Reactions: Like Like:
2


----------



## Armchair

GriffinsRule said:


> It's not myopia. I'm just showing that your idea is not feasible in the near or medium term. And even if feasible, it's full of potential pitfalls. But again it's my opinion vs yours, so take it as that
> 
> As for your fully autonomous idea, what would happen in this hypothetical scenario? War breaks out, Pakistan launches a few of these fully autonomous uuvs towards different Indian ports. Takes them say 7 days to get there, war however ended after 5 days. Now they have shot their full load of weapons into ships (civil and military) at the port without reason during peacetime. What would be the fallout of that?
> 
> There are better technologies we can spend our time, brainpower and money towards that would yield far better results then and have a more far reaching impact then day UUVs. It's okay as far as though experiments go, but not realistic



Oh my. oh my. You imagine that a UUV would take 7 days to reach Mumbai port from Karachi? I'm afraid you need to re-evaluate the facts that you are living with.

Reactions: Like Like:
3


----------



## GriffinsRule

Armchair said:


> Oh my. oh my. You imagine that a UUV would take 7 days to reach Mumbai port from Karachi? I'm afraid you need to re-evaluate the facts that you are living with.
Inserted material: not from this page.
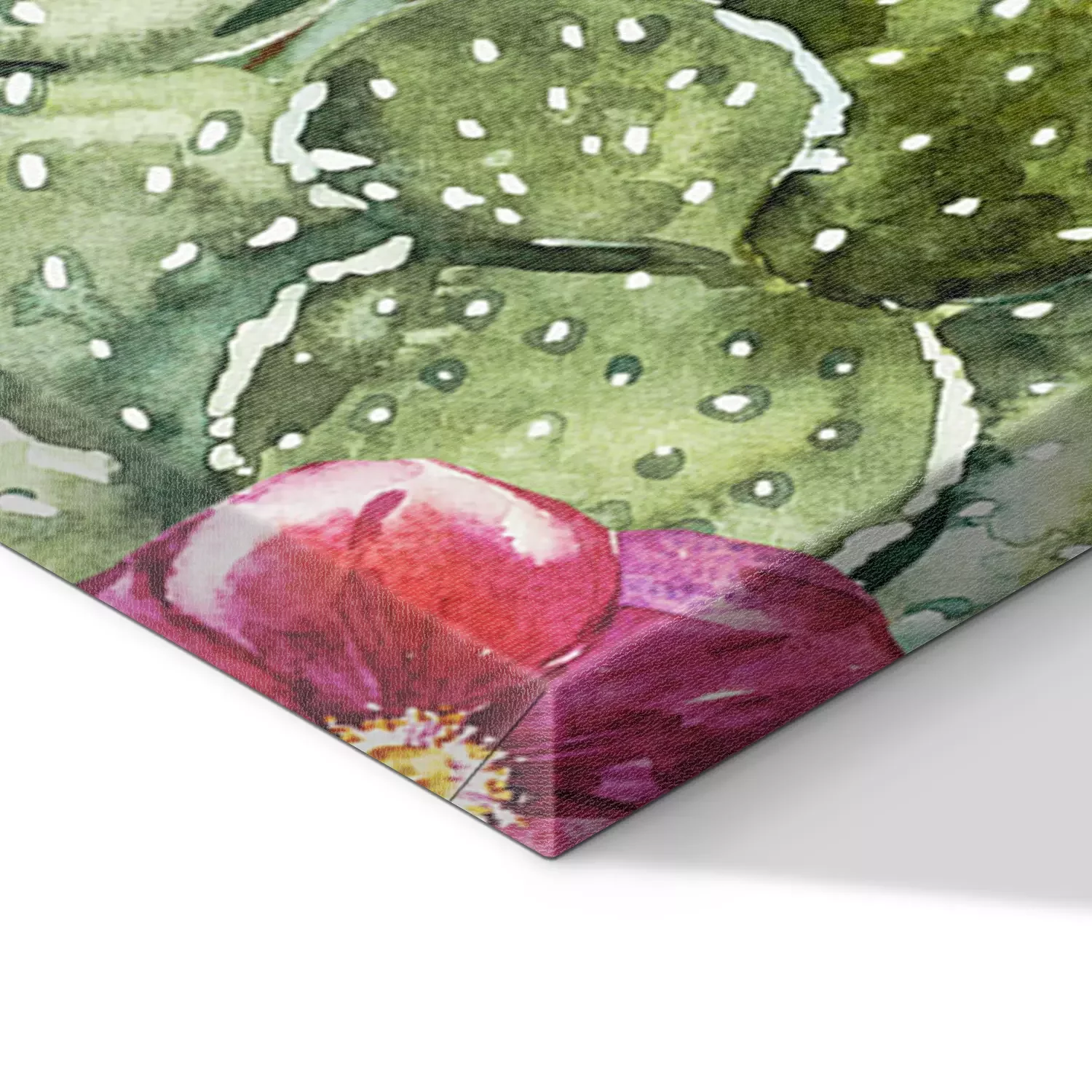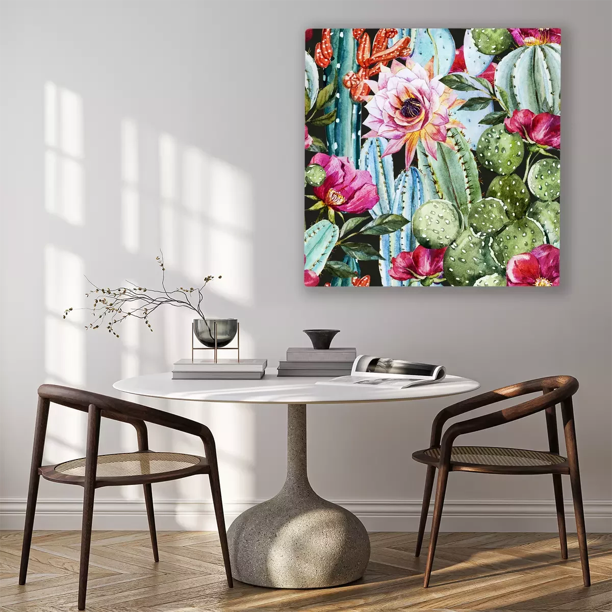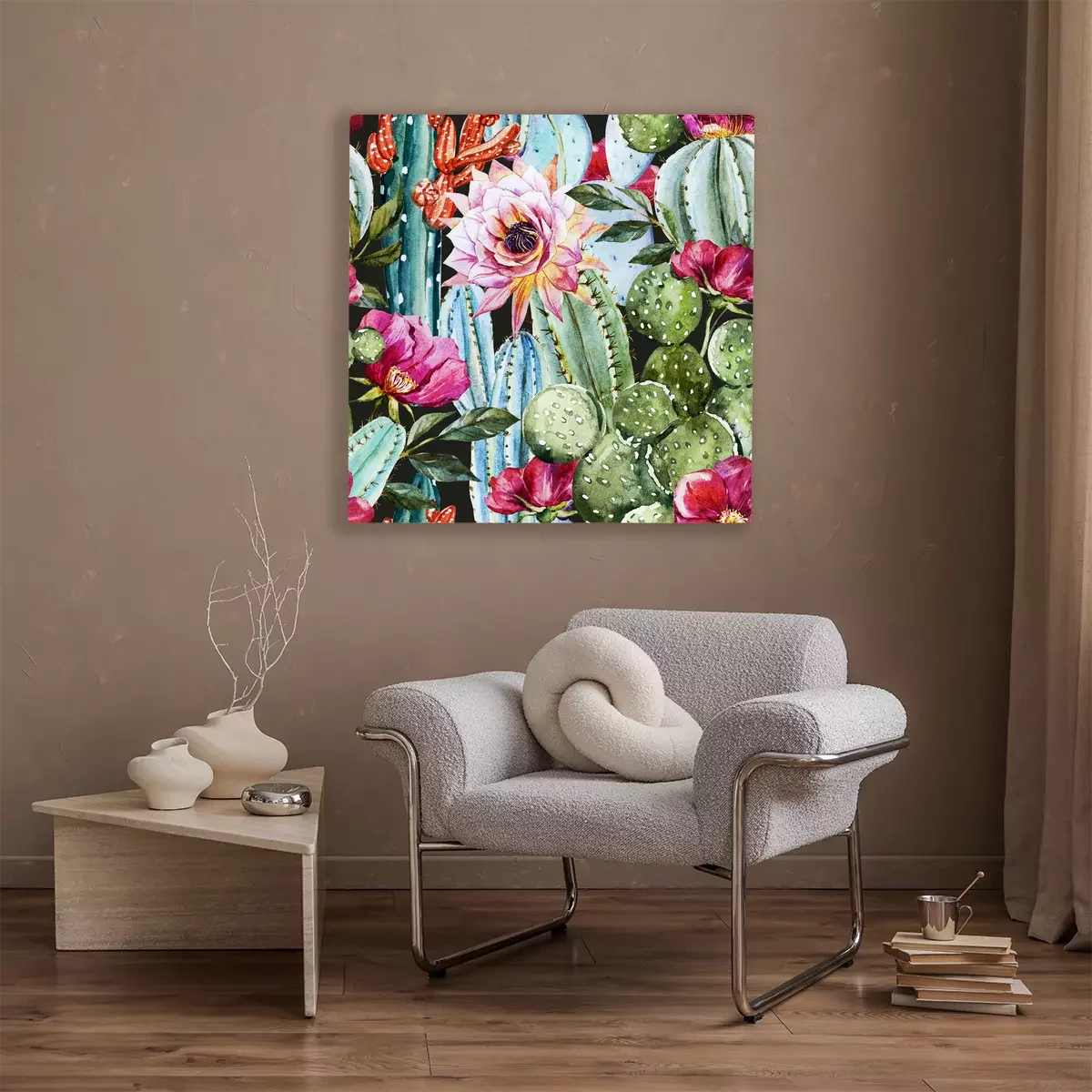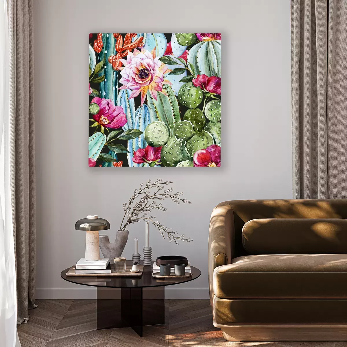 Bild Kakteen inmitten von bunten Blumen mit Aquarellfarben gemalt

Haha, good try. First off there are a lot more ports of interest we would attack then just Mumbai, which btw I did not specify. Second, you can keep trying to playing with numbers to try to score cheap points but your idea still fails on its merits. The point of the hypothetical example was simple, war can end before your supposed fully autonomous sub ever reaches it's target. Only the most idiotic policy maker would ever use a weapon they can't control for as long as possible. But you can keep dreaming. No harm no foul there

Reactions: Like Like:
1


----------



## Armchair

GriffinsRule said:


> Haha, good try. First off there are a lot more ports of interest we would attack then just Mumbai, which btw I did not specify. Second, you can keep trying to playing with numbers to try to score cheap points but your idea still fails on its merits. The point of the hypothetical example was simple, war can end before your supposed fully autonomous sub ever reaches it's target. Only the most idiotic policy maker would ever use a weapon they can't control for as long as possible. But you can keep dreaming. No harm no foul there



So, you then admit that we can use such a simple autonomous UUV to attack Mumbai port during a war? How many ports and naval bases do you think we can attack with such a system? Even if that number is 5, imagine the nightmare such devices could create for these ports and naval bases. 
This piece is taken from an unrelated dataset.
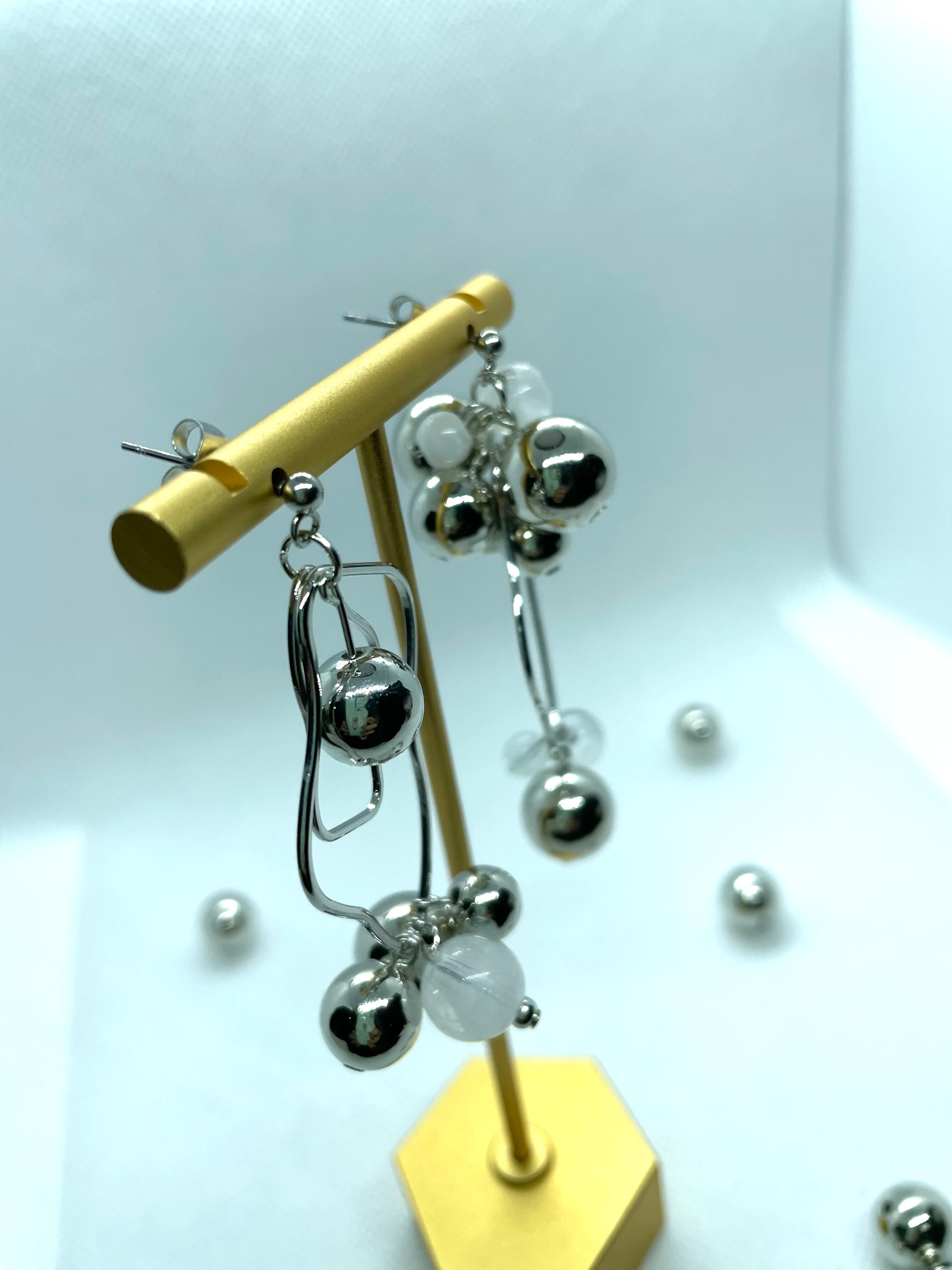 こちらの作品はシルバーを基調としたフープとメタルパーツを使った耳飾りです。

_In previous wars, we were not able to attack a single  Indian port or naval base. _

If you note, I have said from the first that the aim of such a device would be to hit their Western theater. No one claimed we are going to Kolkata with them bruv.

Reactions: Like Like:
1


----------



## GriffinsRule

Armchair said:


> So, you then admit that we can use such a simple autonomous UUV to attack Mumbai port during a war? How many ports and naval bases do you think we can attack with such a system? Even if that number is 5, imagine the nightmare such devices could create for these ports and naval bases.
> 
> _In previous wars, we were not able to attack a single  Indian port or naval base. _
> 
> If you note, I have said from the first that the aim of such a device would be to hit their Western theater. No one claimed we are going to Kolkata with them bruv.


No I dont admit it. Pakistan does not have the capability, and "even if it did" the idea is unfeasible.

India seaports here;
https://www.mapsofindia.com/maps/sea-ports/


----------



## Armchair

GriffinsRule said:


> No I dont admit it. Pakistan does not have the capability, and "even if it did" the idea is unfeasible.
> 
> India seaports here;
> https://www.mapsofindia.com/maps/sea-ports/



Still sticking to "Indian ports are 7 days away"? Well, I think your words are self-explanatory to everyone. If only everyone was as smart as you and could give such intelligent arguments such as "the idea is unfeasible" along with the infamous 7 days story. There is no purpose in beating this dead horse with you, so I'm going to leave you to it.


----------



## GriffinsRule

Armchair said:


> Still sticking to "Indian ports are 7 days away"? Well, I think your words are self-explanatory to everyone. If only everyone was as smart as you and could give such intelligent arguments such as "the idea is unfeasible" along with the infamous 7 days story. There is no purpose in beating this dead horse with you, so I'm going to leave you to it.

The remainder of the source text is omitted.